[Data for processing]
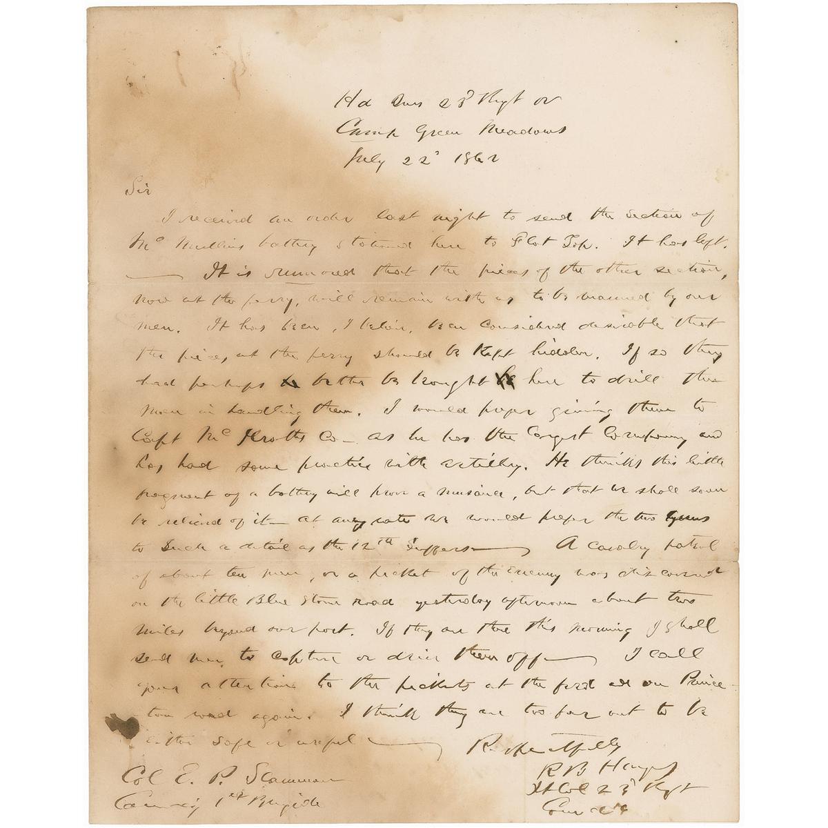 Early war-dated ALS signed “R. B. Hayes, Lt. Col 23rd Regt Comdg,” one page, 7.75 x 9.75, July 22, 1862. Letter to his commanding officer Eliakim Scammon, asking for artillery and reporting on enemy activity. In part: “I received an order last night to send the section of McMullin’s battery stationed here at Flat Top. It has left. It is rumored that the pieces of the other section now at the ferry, will remain with us to be moved by our men. It has been, I believe, now considered desirable that the piece at the ferry should be kept. If so the had perhaps better be brought here to drill these men in handling them. I would prefer giving them to Capt. McMroth’s Co as…he had some practice with artillery. He thinks this little fragment of a battery will prove a nuisance, but that he shall soon be relieved of it…A cavalry patrol of about ten men, or a picket of the enemy was discovered on the little Blue Stone road yesterday afternoon about two miles beyond our post. If they are there this morning I shall send men to capture or drive them off. I call your attention to the pickets at the first…on Princeton road again. I think they are too far out to be safe or useful.” Intersecting folds, and moderate areas of toning/staining to left side of letter, lightly affecting some portions of text, otherwise very good condition.
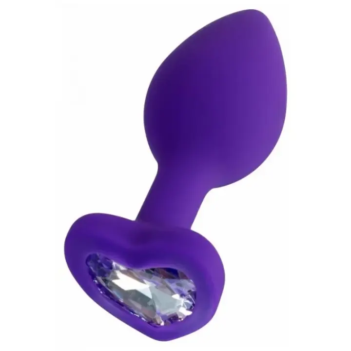 Силиконовый анальный плаг с ограничителем в виде фиолетового сердечка, размер L
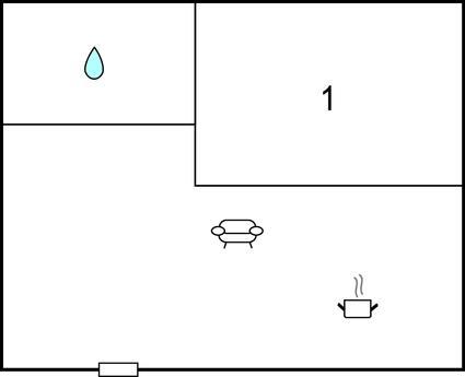 Badezimmer 5m2 (nr. 1) - WC. Warmes und kaltes Wasser. Dusche
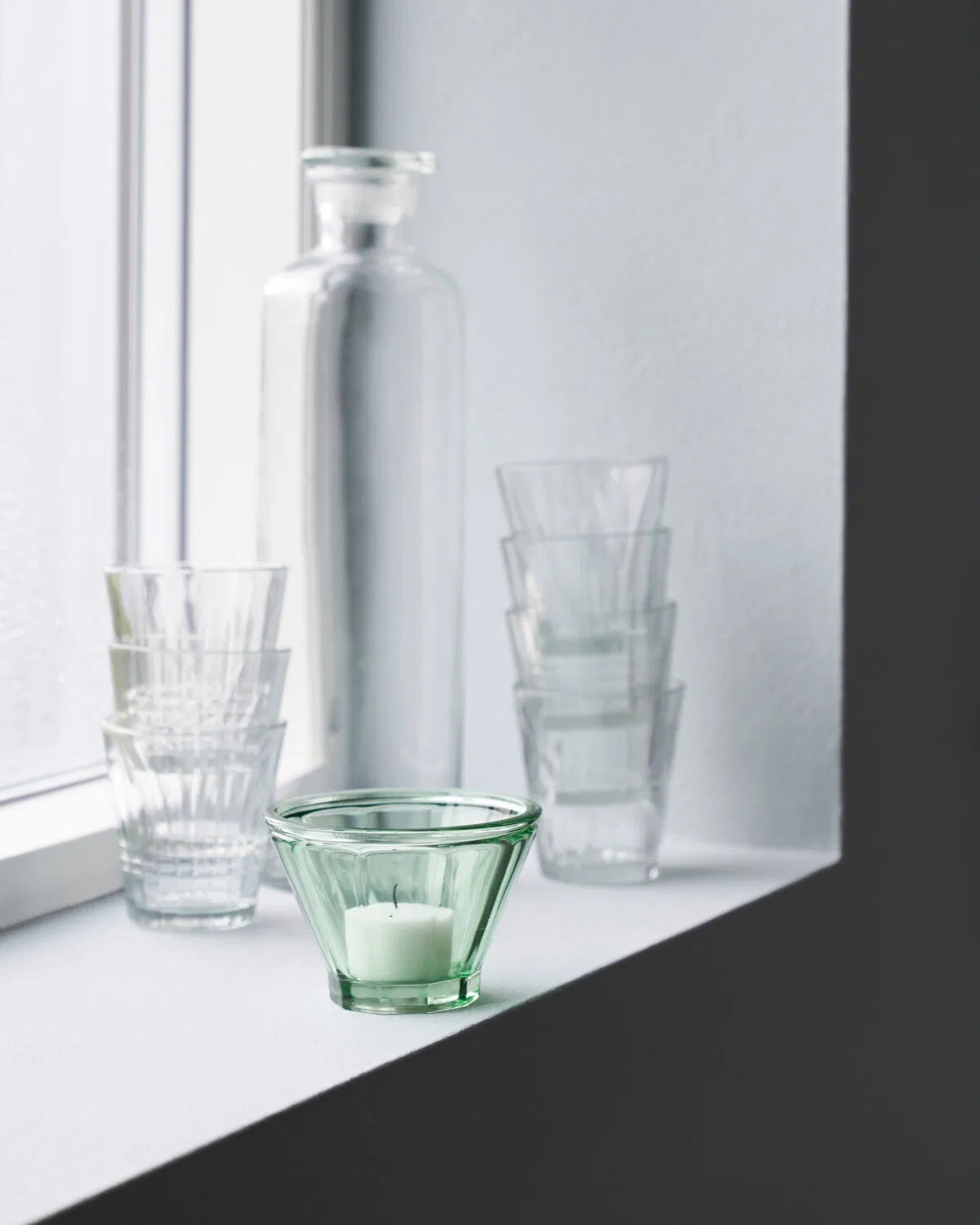 Deze kleine, handgemaakte theelichthouder genaamd Fren is geïnspireerd op vintage Franse jampotten. De charme zit hem in het geribbelde oppervlak en de verder eenvoudige uitstraling, die bij elke interieurstijl past. Hoewel het groene glas een zekere zwaarte heeft, oogt deze theelichthouder van House Doctor licht en voegt hij een subtiele kleuraccent toe aan je interieur. Voor een complete en opvallende presentatie kun je hem combineren met de grotere versie.
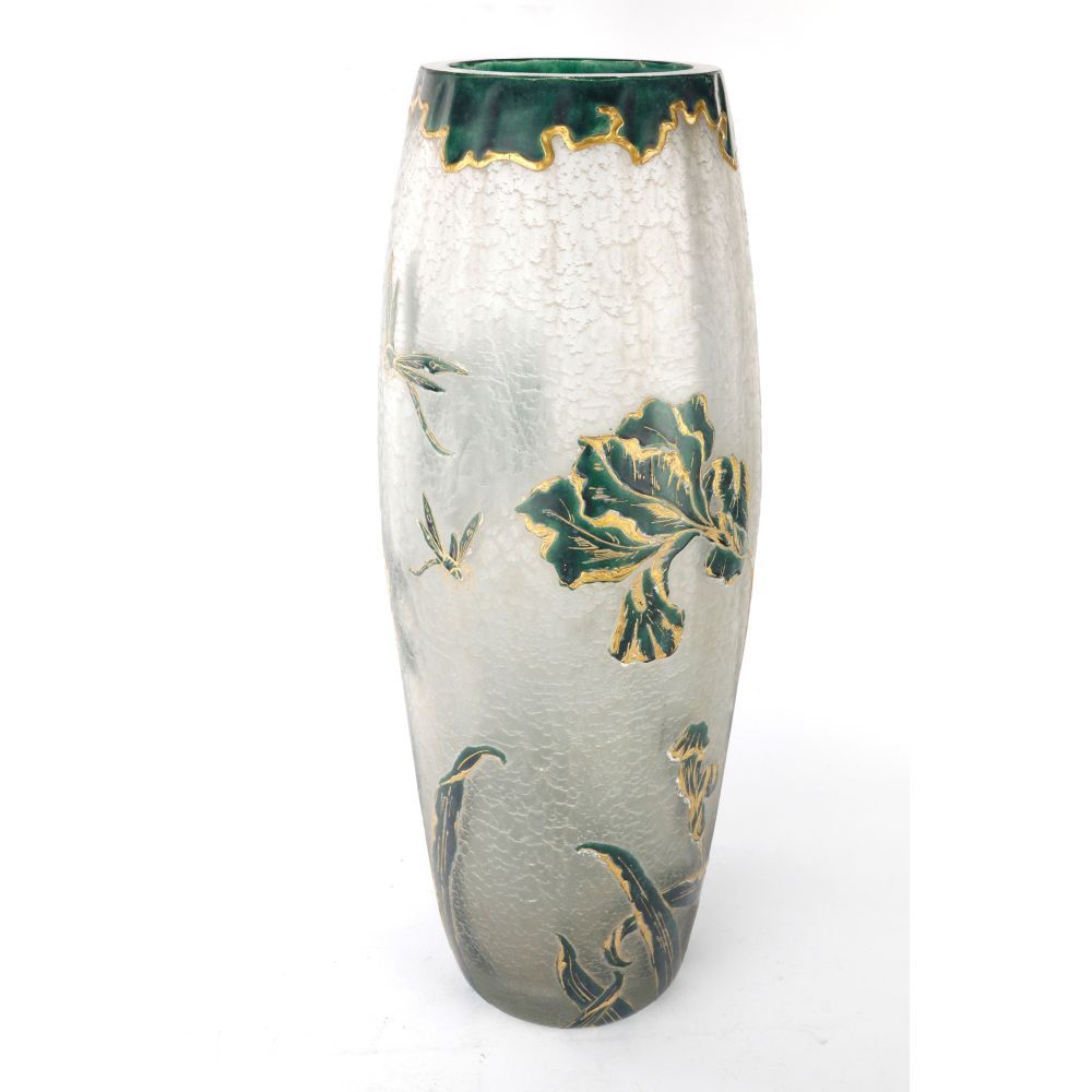 Vaso a cilindro in vetro bianco e verde Francia inizi XX secolo

[What you will do] Please retype exactly the lines from the one containing "Deze kleine, handgemaakte" through the last line of the records, both included, leaving out every picture.

[Your response]
 Deze kleine, handgemaakte theelichthouder genaamd Fren is geïnspireerd op vintage Franse jampotten. De charme zit hem in het geribbelde oppervlak en de verder eenvoudige uitstraling, die bij elke interieurstijl past. Hoewel het groene glas een zekere zwaarte heeft, oogt deze theelichthouder van House Doctor licht en voegt hij een subtiele kleuraccent toe aan je interieur. Voor een complete en opvallende presentatie kun je hem combineren met de grotere versie.
 Vaso a cilindro in vetro bianco e verde Francia inizi XX secolo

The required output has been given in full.